Not rated | 2h 5min | Drama | 14 June 2019 (USA)
Director Thomas Stuber’s slow-moving drama “In the Aisles” opens with a bizarre scene of forklifts dancing to the classic Austrian waltz “The Blue Danube,” as the red and orange of dawn drifts into bright daylight. Ever-present florescent lights illuminate the wide aisles of a big box store, the kind that seem to permeate most developed countries these days, in a small town in Germany.
Later, when the store finally belches forth its last customers, a bedraggled-looking character named Rudi (Andreas Leupold, “Lola and Billy the Kid”) says “Welcome to the night” (spoken in German with English subtitles). The music then switches over to something a little more melancholic: Samuel Barber’s “Adagio for Strings.”
The measured, surreal way in which these opening scenes are shot is indicative of how the rest of the movie flows. Stuber takes his time setting up not only the careful composition of the film’s world (executed gracefully by cinematographer Peter Matjasko, “A Heavy Heart”) but also the quirky characters who inhabit it.
One of those characters is Christian (deftly played by Franz Rogowski, “Transit” and soon in the upcoming Cannes contender: Terrence Malick’s “A Hidden Life”). He gets up in the afternoons to head to his graveyard shift at a sprawling big box store. His rather dingy, cramped apartment, brooding affectations, and heavily tattooed body possibly allude to a bad-boy past and willingness to try for a better life.
Christian is a newbie at the gigantic, now darkened store, and we are soon introduced to some of the other odd characters.
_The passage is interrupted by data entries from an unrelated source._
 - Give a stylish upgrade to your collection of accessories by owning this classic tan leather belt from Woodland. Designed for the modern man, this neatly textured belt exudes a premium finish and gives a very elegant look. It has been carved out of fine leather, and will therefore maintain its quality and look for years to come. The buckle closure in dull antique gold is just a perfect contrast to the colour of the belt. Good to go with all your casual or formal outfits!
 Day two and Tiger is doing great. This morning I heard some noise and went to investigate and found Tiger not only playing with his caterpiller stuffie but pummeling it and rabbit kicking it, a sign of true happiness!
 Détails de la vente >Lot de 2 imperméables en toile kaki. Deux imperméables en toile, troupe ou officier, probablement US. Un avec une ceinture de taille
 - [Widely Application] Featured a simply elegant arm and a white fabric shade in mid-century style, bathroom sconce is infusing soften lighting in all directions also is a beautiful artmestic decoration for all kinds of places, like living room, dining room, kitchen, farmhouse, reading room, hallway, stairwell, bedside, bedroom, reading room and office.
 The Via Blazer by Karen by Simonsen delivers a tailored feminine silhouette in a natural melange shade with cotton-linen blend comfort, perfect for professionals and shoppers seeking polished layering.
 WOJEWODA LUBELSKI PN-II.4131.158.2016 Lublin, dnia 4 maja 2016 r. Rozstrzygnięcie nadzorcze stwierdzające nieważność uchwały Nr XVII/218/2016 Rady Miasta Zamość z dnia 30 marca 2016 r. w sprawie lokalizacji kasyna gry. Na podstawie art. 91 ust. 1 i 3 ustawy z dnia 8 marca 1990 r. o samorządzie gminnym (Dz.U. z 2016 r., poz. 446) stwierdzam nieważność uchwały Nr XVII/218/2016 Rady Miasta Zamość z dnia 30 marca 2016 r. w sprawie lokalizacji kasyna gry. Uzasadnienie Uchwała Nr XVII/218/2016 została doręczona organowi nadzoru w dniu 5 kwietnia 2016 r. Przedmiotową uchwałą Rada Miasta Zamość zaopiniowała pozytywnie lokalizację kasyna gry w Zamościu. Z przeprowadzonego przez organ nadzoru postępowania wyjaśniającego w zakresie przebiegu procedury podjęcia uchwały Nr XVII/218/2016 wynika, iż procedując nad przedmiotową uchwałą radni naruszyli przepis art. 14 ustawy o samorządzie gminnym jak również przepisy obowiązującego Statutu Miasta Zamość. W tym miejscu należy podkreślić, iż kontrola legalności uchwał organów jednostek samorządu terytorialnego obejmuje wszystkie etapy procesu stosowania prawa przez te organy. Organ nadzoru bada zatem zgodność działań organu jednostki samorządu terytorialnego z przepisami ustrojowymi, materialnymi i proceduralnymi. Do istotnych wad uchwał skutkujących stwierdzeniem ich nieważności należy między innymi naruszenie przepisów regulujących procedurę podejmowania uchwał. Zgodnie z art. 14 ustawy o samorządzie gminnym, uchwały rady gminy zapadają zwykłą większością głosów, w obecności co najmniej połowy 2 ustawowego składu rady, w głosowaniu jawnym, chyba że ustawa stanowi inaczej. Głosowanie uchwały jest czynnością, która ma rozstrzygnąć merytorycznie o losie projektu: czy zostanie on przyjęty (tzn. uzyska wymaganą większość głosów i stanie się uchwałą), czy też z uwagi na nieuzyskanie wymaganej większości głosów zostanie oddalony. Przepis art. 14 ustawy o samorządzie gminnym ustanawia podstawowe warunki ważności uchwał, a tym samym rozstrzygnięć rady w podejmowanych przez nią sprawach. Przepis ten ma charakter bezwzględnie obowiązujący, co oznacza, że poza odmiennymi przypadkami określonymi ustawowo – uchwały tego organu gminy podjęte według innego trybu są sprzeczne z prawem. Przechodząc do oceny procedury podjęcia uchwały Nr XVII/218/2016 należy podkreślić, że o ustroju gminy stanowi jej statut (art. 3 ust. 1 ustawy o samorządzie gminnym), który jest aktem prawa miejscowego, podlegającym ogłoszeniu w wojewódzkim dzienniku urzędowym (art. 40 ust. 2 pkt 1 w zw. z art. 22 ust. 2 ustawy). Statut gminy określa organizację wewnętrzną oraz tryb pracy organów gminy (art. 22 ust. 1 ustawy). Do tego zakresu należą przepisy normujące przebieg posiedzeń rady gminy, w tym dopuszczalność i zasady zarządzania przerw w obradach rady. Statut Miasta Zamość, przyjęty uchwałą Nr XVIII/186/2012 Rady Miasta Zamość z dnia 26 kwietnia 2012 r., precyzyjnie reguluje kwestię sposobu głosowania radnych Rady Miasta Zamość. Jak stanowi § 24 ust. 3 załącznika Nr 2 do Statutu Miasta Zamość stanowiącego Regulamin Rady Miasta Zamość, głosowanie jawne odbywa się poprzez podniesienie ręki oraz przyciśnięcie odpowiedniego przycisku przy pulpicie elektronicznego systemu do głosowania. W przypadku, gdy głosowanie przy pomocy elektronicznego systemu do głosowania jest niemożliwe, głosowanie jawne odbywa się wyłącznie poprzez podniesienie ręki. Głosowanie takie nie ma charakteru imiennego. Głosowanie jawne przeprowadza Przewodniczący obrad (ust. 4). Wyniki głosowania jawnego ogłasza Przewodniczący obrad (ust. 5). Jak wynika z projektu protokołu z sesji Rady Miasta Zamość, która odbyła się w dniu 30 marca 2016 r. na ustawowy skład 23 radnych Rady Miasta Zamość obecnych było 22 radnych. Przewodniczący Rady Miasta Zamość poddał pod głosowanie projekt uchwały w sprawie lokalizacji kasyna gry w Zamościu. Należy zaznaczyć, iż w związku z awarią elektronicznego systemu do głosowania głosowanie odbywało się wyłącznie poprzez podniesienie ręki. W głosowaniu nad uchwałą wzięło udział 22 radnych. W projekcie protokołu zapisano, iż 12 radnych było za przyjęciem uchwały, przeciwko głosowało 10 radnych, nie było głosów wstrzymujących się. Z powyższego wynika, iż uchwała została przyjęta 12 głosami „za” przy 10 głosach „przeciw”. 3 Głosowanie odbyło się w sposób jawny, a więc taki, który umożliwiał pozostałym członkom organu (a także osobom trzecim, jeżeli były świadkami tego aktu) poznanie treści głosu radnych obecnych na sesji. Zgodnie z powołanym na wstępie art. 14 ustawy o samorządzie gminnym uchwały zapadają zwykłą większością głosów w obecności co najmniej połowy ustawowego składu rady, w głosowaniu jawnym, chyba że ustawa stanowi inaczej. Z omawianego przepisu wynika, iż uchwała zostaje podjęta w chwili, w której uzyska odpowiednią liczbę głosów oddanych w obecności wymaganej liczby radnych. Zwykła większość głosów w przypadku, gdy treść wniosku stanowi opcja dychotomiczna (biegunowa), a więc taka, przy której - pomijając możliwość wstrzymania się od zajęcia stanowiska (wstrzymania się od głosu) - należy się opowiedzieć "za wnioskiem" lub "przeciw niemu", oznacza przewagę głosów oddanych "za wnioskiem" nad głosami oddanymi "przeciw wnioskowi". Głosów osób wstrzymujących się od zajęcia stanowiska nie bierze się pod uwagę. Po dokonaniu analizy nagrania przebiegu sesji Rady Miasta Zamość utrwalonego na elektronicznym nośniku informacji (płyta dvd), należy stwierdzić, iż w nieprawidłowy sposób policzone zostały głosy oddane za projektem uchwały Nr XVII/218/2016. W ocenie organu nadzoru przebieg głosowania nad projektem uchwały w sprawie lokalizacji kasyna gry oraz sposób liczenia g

The grumpy senior supervisor known simply as Bruno (Peter Kurth, “A Heavy Heart,” “Babylon Berlin”) who oversees the booze department, takes a liking to the quiet Christian and takes him under his wing.
However, just like at any workplace, the store has its own set of rules. Early on, Christian gets warned about his exposed tattoos. He is taken to the side and, in a hilarious scene reminiscent of a soldier being prepared for the battlefield, is issued a proper, long-sleeved work smock, official name tag, pens, and other equipment before being sent forth into the “hallowed halls” of the store.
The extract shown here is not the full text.